En este punto, la camioneta americana, como si fuera un bronco caballo, hizo un ruido de batallas perdidas. Y pensé que el encuentro sutil en la calle es también un ave descarriada. En ese preciso instante me hice parte de la escena que el bendito chofer de la Ford 250 provocaba. La marea alta y el aceleramiento del motor me impulsaban a no perder de vista a la damisela que cruza la avenida.
Basta decir que, en mi sueño, buscaba a Lourdes y los ojos devorantes del chofer buscaban a la Dafne: rama, tronco, pájaros y laureles. Yo avanzaba sobre el mar; evocaba la esquina donde había besado a Lourdes en mi sueño. Me despertaba pensando que la alcanzaba; sentía que me acercaba a su espalda y a sus hombros. El viento de resaca tiraba hacia mí los cabellos azabaches de ella. Como una aguda flecha, salté a la calle y me enfrenté al Ford 250. Y como una cabra asustada vi al león de la camioneta que se me tiraba encima; me paralicé y pensé que iba a dejar de ver el sol del Condado y que, al mismo tiempo, se iba a evaporar el dulce beso de Lourdes en plena avenida.

Pero el león, cegado por la erótica mujer, se detuvo; casi me golpeó, casi me arrastró hasta los árboles. El chofer, muy avergonzado, me dejó pasar. Creo que no percibió que yo caminaba detrás de la damisela con su poodle. Sin duda estaba distraído con los contornos seductores de la chica. Su distracción y mi estupidez casi me mataron.
Finalmente llegué al otro lado de la calle sano y salvo. La camioneta siguió su marcha acelerada y la amazona desapareció de mi vista. Creo que ni se dio cuenta del peligro que ella provocó. En fin, que es arriesgado cruzar la calle siguiendo un buen culo y con una camioneta Ford 250 encendida esperando con brincos que pase por la calle antillana al vaivén de unas caderas espectaculares.
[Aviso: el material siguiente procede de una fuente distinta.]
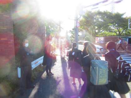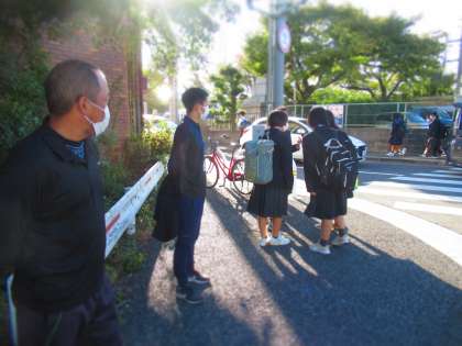 全職員が校区内各所に立ち,生徒の登校を見守りました。
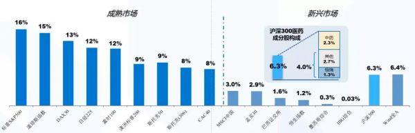 从医药版块在股市中的成熟度来看,目前A股医药总市值权重约6%,低于成熟市场8%以上的水平,远低于美国15%以上的水平。而港股恒生指数的医药股市值权重则同样被划归为“新兴市场“阶段,占比仅有1.2%。
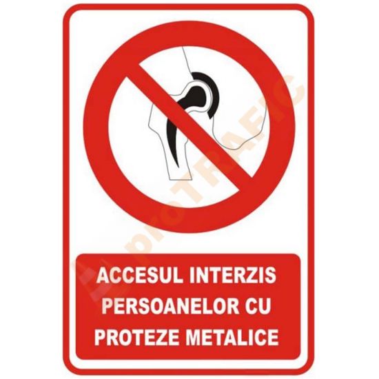 Indicator de securitate de interzicere 'Accesul interzis persoanelor cu proteze metalice'
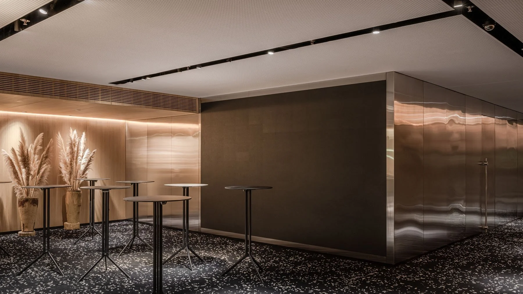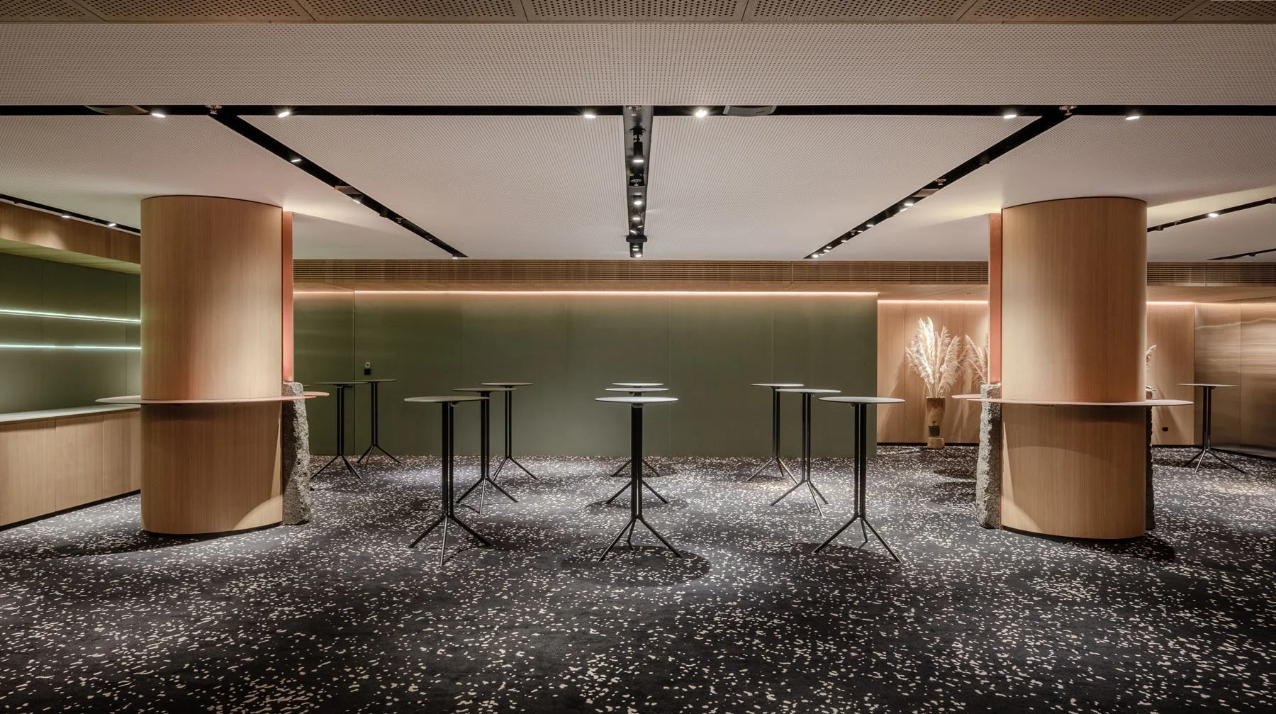 Хол та основну залу розділяють поворотно-осьові конструкції дверей. Коли вони повністю відкриті – приміщення поєднані між собою, коли двері закриті – зала ізольована і ніщо не відволікає увагу слухачів. На стіні холу розміщений бренд-волл. Так само, як основний екран конференц-залу, він створений з LED-елементів. Такий бренд-волл дозволяє змінювати зображення і транслювати рухому картинку. А ще він рятує планету від сотень банерів, які зазвичай опиняються на звалищі після одного використання.
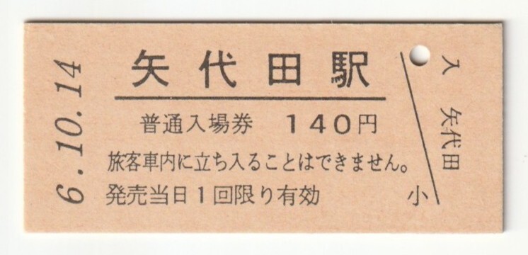 - 平成6年10月14日 信越本線 矢代田駅 140円硬券普通入場券(日付印刷)
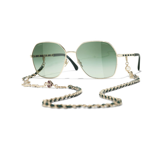 Chanel/香奈儿 22年春夏新款 女士渐变绿色镜片金色/绿色金属与小牛皮镜框饰链条方框太阳眼镜墨镜A71447X27388L6813

En cuanto a los poodles, algunos son enanos caninos, burgueses y aristócratas. No padecen de sobrepeso y son muy engatusadores. Según las estadísticas, muchos poodles mueren de cáncer, lo cual es una proyección del estilo de vida de sus amos. Se llaman zoófilos a las personas que aman a los animales. Como se apegan a sus amos, los poodles no mueren arrollados en la avenida por un Ford 250 cuatro por cuatro. No sé cómo se llaman los amantes de las palomas, pero sí sé que mueren arrolladas por camionetas en las carreteras.